In truth I just didn’t realise how busy I was going to be once I got home, all that time I had for cycling has been wrestled away from me by obligations imparted by The Real World. I need a job. I need socks. I need time to be wistful for the open road.

So for now you’ll have to make do with this rickety, bug-infested clunker of a blog. I will continue here until it’s unsafe to do so.

So, how does it feel, one month after completing a six year bike ride? Surprisingly fresh, actually. But in a precarious way, like when you leap into an icy lake and realise it’s not that bad, but wait, is that an anaconda rippling the surface? My anaconda moment hasn’t come yet, there’s a honeymoon quality to my days, but I’m fully prepared for an emotional nose-dive in a few months’ time. As for now, I’m enjoying the not being a guest part.

I’m back in the bedroom of my adolescent self, surrounded again by medical notes I haven’t had the front to open and consider just yet. A mind map appeared one day on my bedroom wall in pencil. I wrote ‘life after cycling’ in the centre and the small spawning clouds about it soon took over the entire wall, thoroughly answering the question of what will I do once I get home. Answer: A lot.

Few journals to ponder

One morning it hailed. Ice, falling from a blue-grey sky, tinkled against my window and skittered down the roof. It doesn’t matter, I thought, and then lingered glumly on how unaffected I am now by the caprices of the outside world. I wasn’t going anywhere. Coming home keeps dealing me that familiar combo: a kiss, and a punch in the guts. Relief and disappointment. Bitter and sweet.

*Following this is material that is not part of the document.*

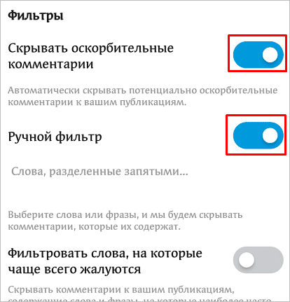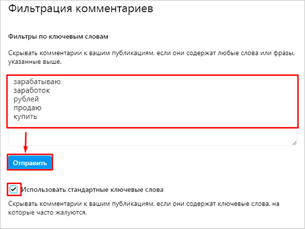 - Задать ключевые слова, которые чаще всего используют спамеры, хамы и другие малоинтересные собеседники, чтобы исключить их из числа комментаторов. Такие настройки доступны на компьютере и в телефоне.

But whilst my experience of coming home is inevitably a bipolar one, the balance falls on the side of relief and satisfaction because, well, I was cooked. Done. I wanted to live more meaningfully. I wanted to populate my life with other people. I wanted to treat patients and work hard. I wanted all of this, and yet I have drawn up a list of future plans which include rowing the Pacific, hiking Madagascar and swimming the channel. Shit.

I did some media interviews on my return - radio shows, podcasts, that sort of malarky. Nobody though has taken me aside and said ‘you’re that cycling guy!’ no matter how much I’ve stared into their face and wished them to.

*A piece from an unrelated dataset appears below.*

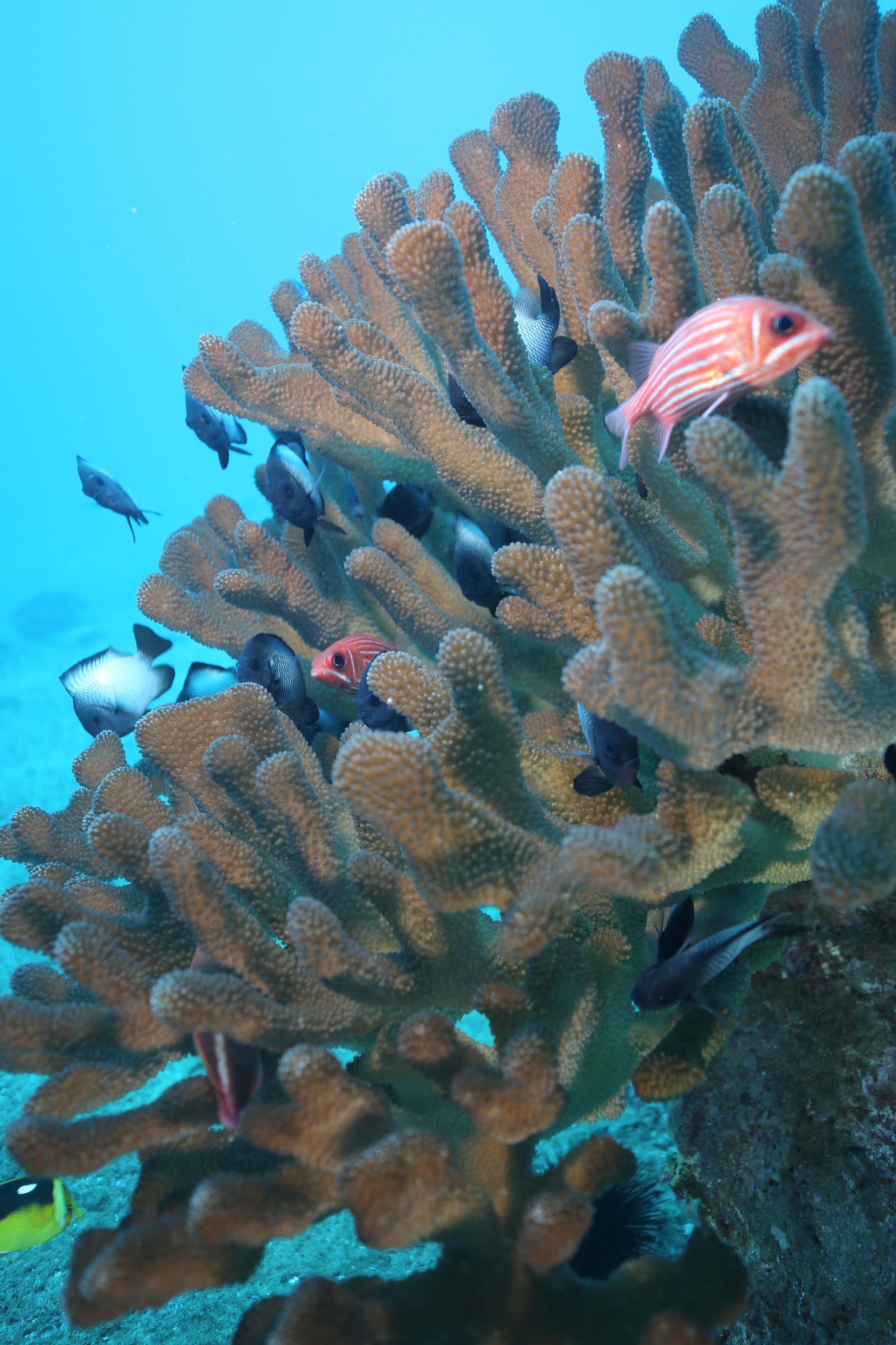 South side of Kauai diving today and just hunting for some good specimens that were acting photogenic. Large shoals of Pyramid Butterflies (Hemitaurichthys polylepis) and Bluestripe Snapper (Lutjanus kasmira) making their way around the reef. The very shy but major in heart and minor in size stars of the show were two dwarf angelfish: the Flame Angel (Centropyge loricula) and the Fisher’s Angel (Centropyge fisheri). Both are small, fast, and hard to snap, but they did give us some glimpses today.

I’m broke, of course, and on a come-down from a six year buzz of regular exercise. I’ve discovered that whipping professionally attired men on road bikes on my mum’s rattling shopping contraption is only an ephemeral pleasure, that quickly gets boring. My appetite is unchanged, which is a worry considering my physical expenditure has changed quite a lot. The maths is easy, the result is momentus and jowly.

Mother’s day was a particularly special one for my mum, not just because it was the first in six years I’d been home, but because she got to take me clothes shopping and pay for all my stuff, the lucky lady. Leading me round Sports Direct, I clumped along behind, as she said things like ‘try this one on Stevey’. I was the only balding 35 year old man on the premises in this position, though there were a number of 12 year olds in a similar one. I could see the staff thinking: what’s wrong with that guy? The poor woman, mother to the most destitute and grimly attired medical doctor in the UK. She can’t have predicted this as she proudly watched me graduate from medical school.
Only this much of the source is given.